Você pega o celular para responder uma mensagem e, quando percebe, já perdeu quase uma hora entre vídeos, notificações e diferentes aplicativos.

Esse comportamento não acontece apenas por falta de disciplina. As plataformas utilizam recursos como rolagem infinita, reprodução automática, curtidas e recomendações personalizadas para manter a atenção do usuário pelo maior tempo possível.

O problema começa quando a pessoa perde o controle e passa a sacrificar o sono, as responsabilidades, a concentração e até os momentos de convivência.

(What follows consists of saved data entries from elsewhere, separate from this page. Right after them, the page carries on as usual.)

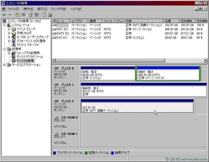 先日、余ったマシンをFreeNASサーバにしたのですが、訳あってハードディスクを別のものと交換しました。 そして、FreeNASで使用していたハードディスクをUSB接続用のケースに入れてWindowsXPで使用しようと思い、フォーマットしようとするとそのディスクは操作できないではありませんか?! ※GPT保護パーティションになっていました。
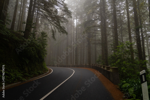© Stoca, Naklejka premium Winding foggy road in moody pine forest Horizontal
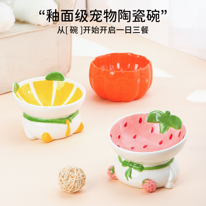 Amazon mangkuk kucing keramik baskom kucing mangkuk makanan perlindungan leher perlindungan mulut miring tulang belakang serviks minum anjing mangkuk perlengkapan hewan peliharaan kaki tinggi
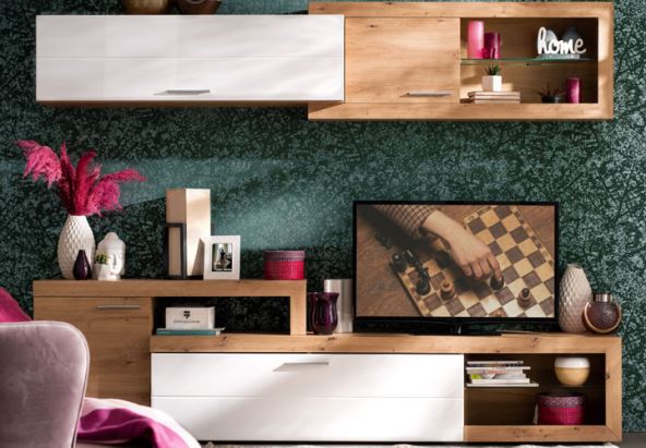Bela daje osećaj elegancije i prozračnosti koja dodatno otvara prostor, dok mu drvo daje toplinu i osećaj rustičnosti. Beli zidovi učiniće moderan stan prostranijim, ali bi bilo sjajno da na to unesete malo ličnog pečata i probudite energiju u ambijentu. Kombinacija bele i drvo dekora na komadu nameštaja, poput regala KANAS, daje upravo taj efekat. Ukoliko lepo rasporedite elemente regala, a dekoraciju naglasite jarkim bojama, neočekivanim paternom tepiha ili tapete i trendi kućnim aksesoarima, dobićete ambijent o kakvom ste maštali.

Quando o hábito vira sinal de alerta

O tempo de tela, sozinho, não define dependência. Os principais sinais aparecem quando a pessoa tenta reduzir o uso e não consegue, abre aplicativos automaticamente, adia tarefas, sente ansiedade ao ficar desconectada ou perde horas de sono.

Também merece atenção o uso constante das redes para fugir do tédio, da solidão, da tristeza ou das preocupações.

Entre os jovens, o risco pode ser maior. Crianças e adolescentes estão em uma fase de construção da identidade e são mais sensíveis à aprovação social, às comparações e ao número de curtidas e seguidores.

Sono e atenção são afetados

O período antes de dormir costuma ser um dos mais prejudicados. O “só mais um vídeo” pode adiar o sono por horas, enquanto mensagens, discussões e notificações mantêm o cérebro em estado de alerta.

As redes também ocupam os pequenos momentos de silêncio. Filas, refeições e intervalos passam a ser preenchidos pelo celular, dificultando atividades que exigem paciência e concentração.

Como recuperar o controle

A solução não precisa ser abandonar completamente a internet. Algumas mudanças simples podem reduzir o uso automático:

  • desativar notificações desnecessárias;
  • retirar os aplicativos da tela inicial;
  • definir horários específicos para acessar as redes;
  • evitar o celular ao acordar e antes de dormir;
  • deixar o aparelho longe da cama;
  • substituir parte do tempo de tela por leitura, exercícios e encontros presenciais.

Antes de abrir um aplicativo, vale fazer uma pergunta: estou buscando algo específico ou apenas tentando escapar de uma emoção?

Quando procurar ajuda

O acompanhamento profissional é recomendado quando o uso das redes provoca sofrimento intenso, isolamento, crises de ansiedade, queda no desempenho ou incapacidade persistente de reduzir o tempo conectado.

No caso de crianças e adolescentes, apenas retirar o aparelho pode não resolver. Conversas, limites coerentes e o exemplo dos adultos costumam ser mais eficazes.

As redes podem informar, aproximar e divertir. O alerta surge quando deixam de ser uma ferramenta escolhida pelo usuário e passam a controlar seu tempo, seu sono e seu estado emocional.

Quando você abre o aplicativo, é uma escolha consciente ou o hábito já está escolhendo por você?